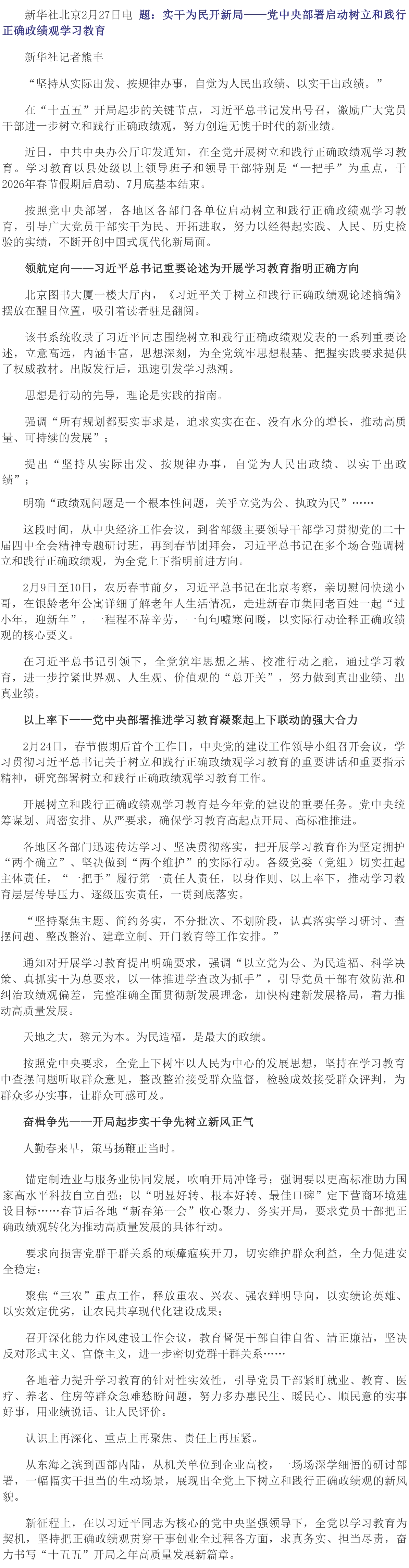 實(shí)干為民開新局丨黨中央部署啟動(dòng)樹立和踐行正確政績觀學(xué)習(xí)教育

|---|

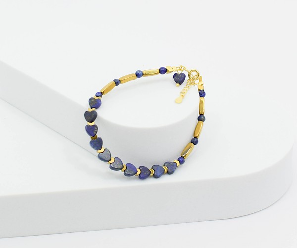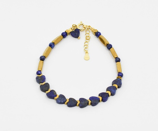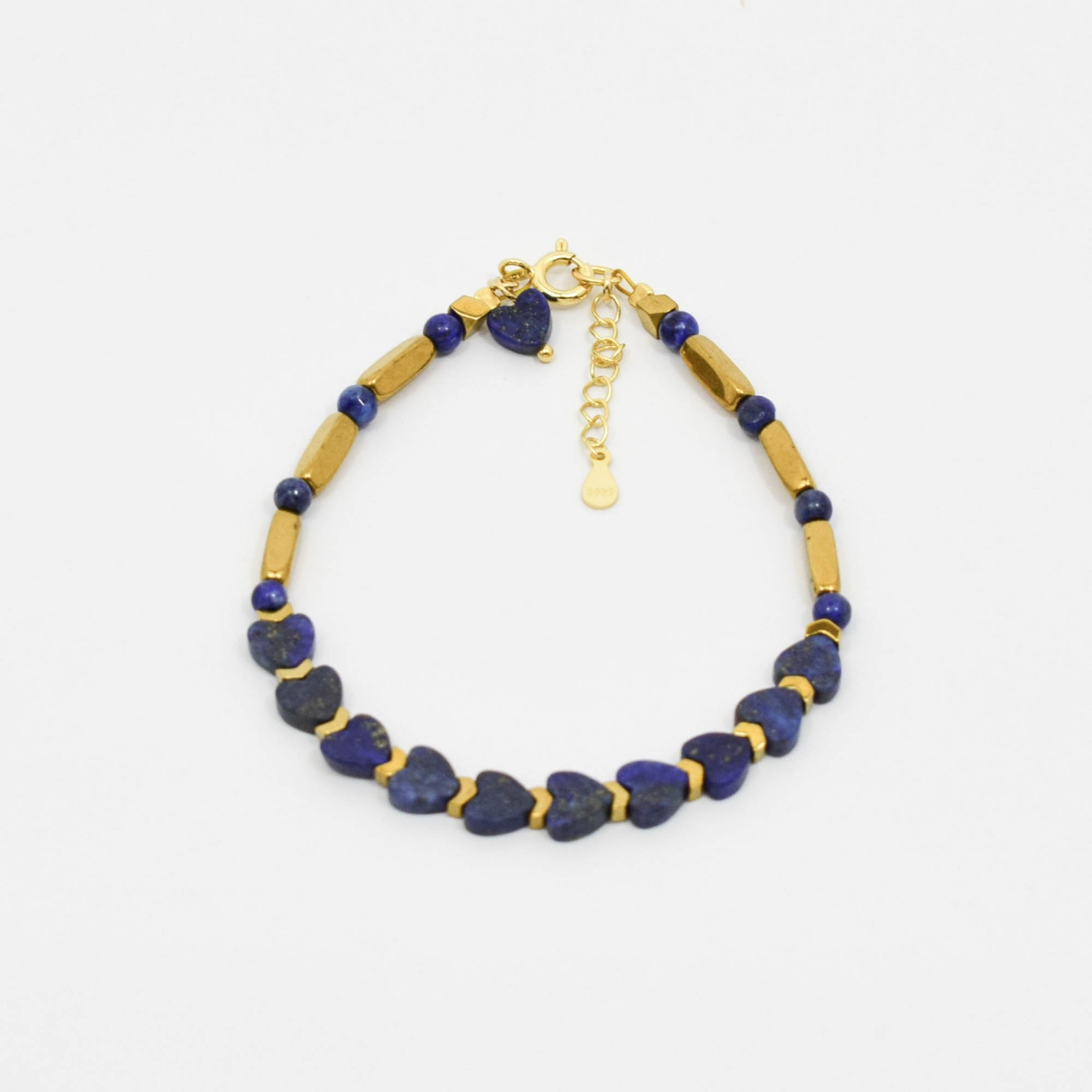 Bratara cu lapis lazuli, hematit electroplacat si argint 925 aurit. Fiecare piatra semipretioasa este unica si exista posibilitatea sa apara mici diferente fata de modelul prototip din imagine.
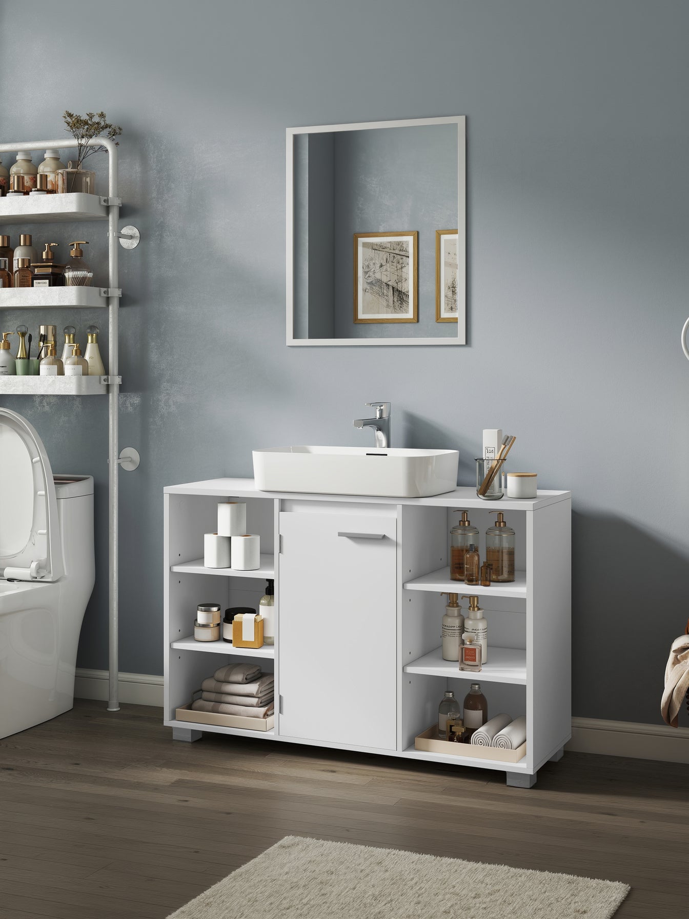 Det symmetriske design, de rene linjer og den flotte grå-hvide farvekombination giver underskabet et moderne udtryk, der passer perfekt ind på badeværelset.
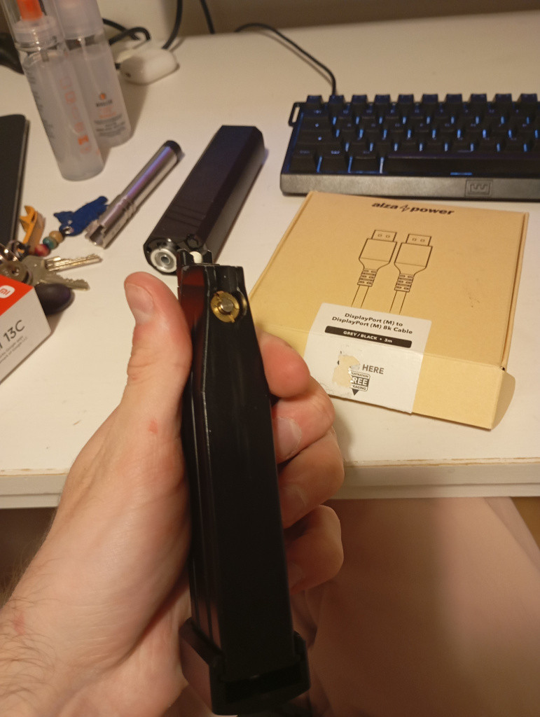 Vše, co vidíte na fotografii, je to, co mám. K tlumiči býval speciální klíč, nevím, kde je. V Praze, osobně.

|---|

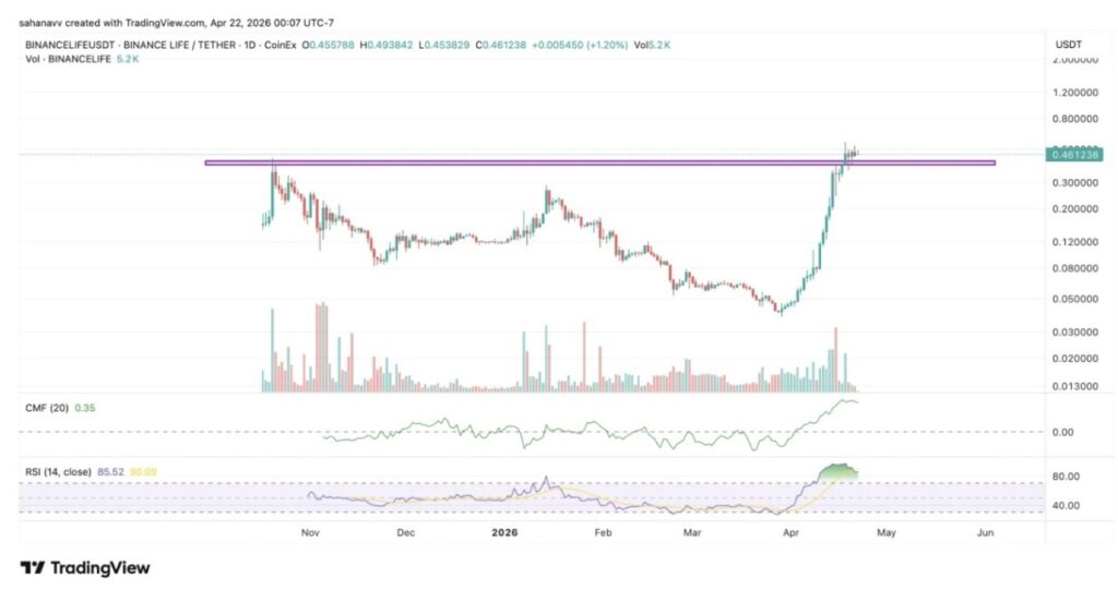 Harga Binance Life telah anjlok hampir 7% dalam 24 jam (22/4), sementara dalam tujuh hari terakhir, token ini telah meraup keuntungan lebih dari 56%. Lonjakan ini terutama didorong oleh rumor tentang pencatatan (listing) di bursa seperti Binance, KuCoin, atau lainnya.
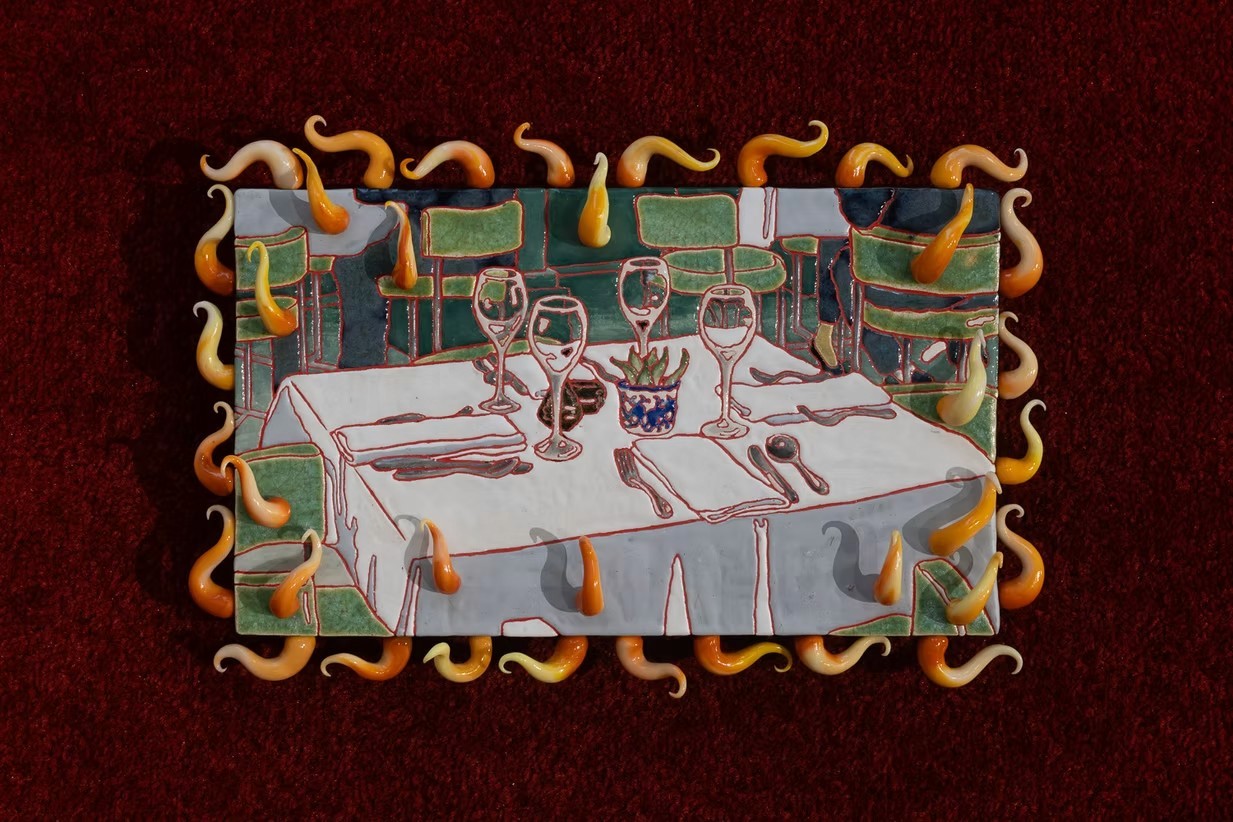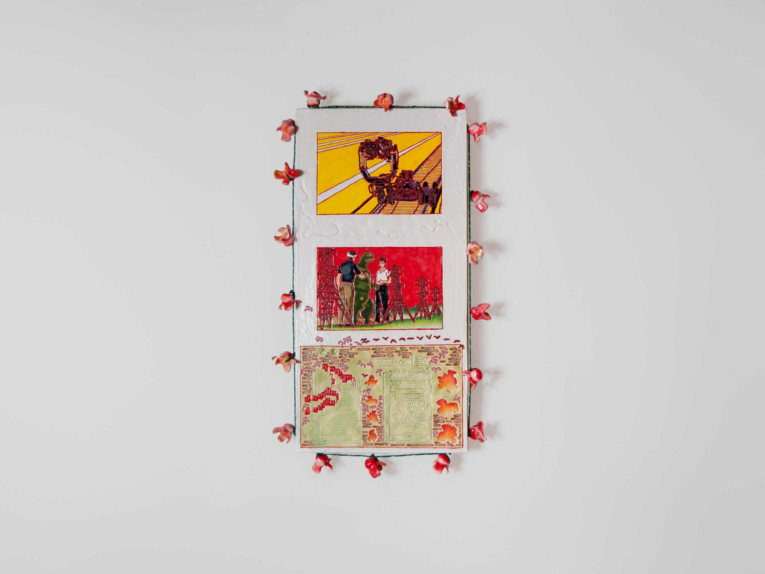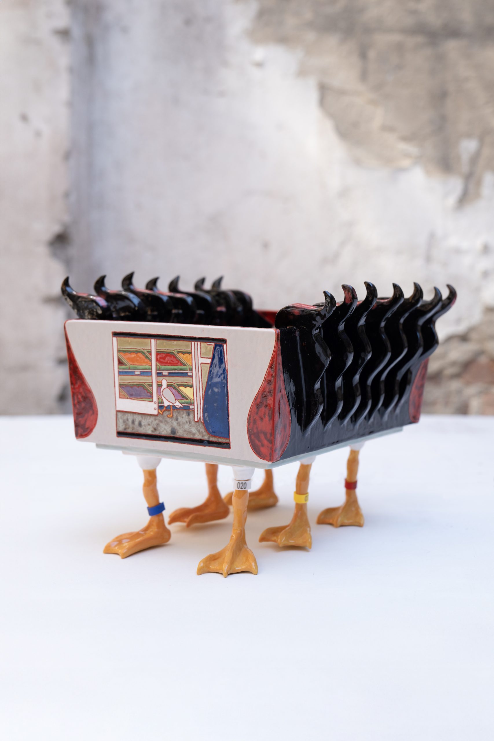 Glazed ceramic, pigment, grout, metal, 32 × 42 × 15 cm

|---|

TASK DETAILS:
Using the material above, reproduce only the lines that run from the line with "Det symmetriske design, de" up to and including the line with "Vše, co vidíte", exactly, with the pictures dropped.

ANSWER TO THE EXERCISE:
 Det symmetriske design, de rene linjer og den flotte grå-hvide farvekombination giver underskabet et moderne udtryk, der passer perfekt ind på badeværelset.
 Vše, co vidíte na fotografii, je to, co mám. K tlumiči býval speciální klíč, nevím, kde je. V Praze, osobně.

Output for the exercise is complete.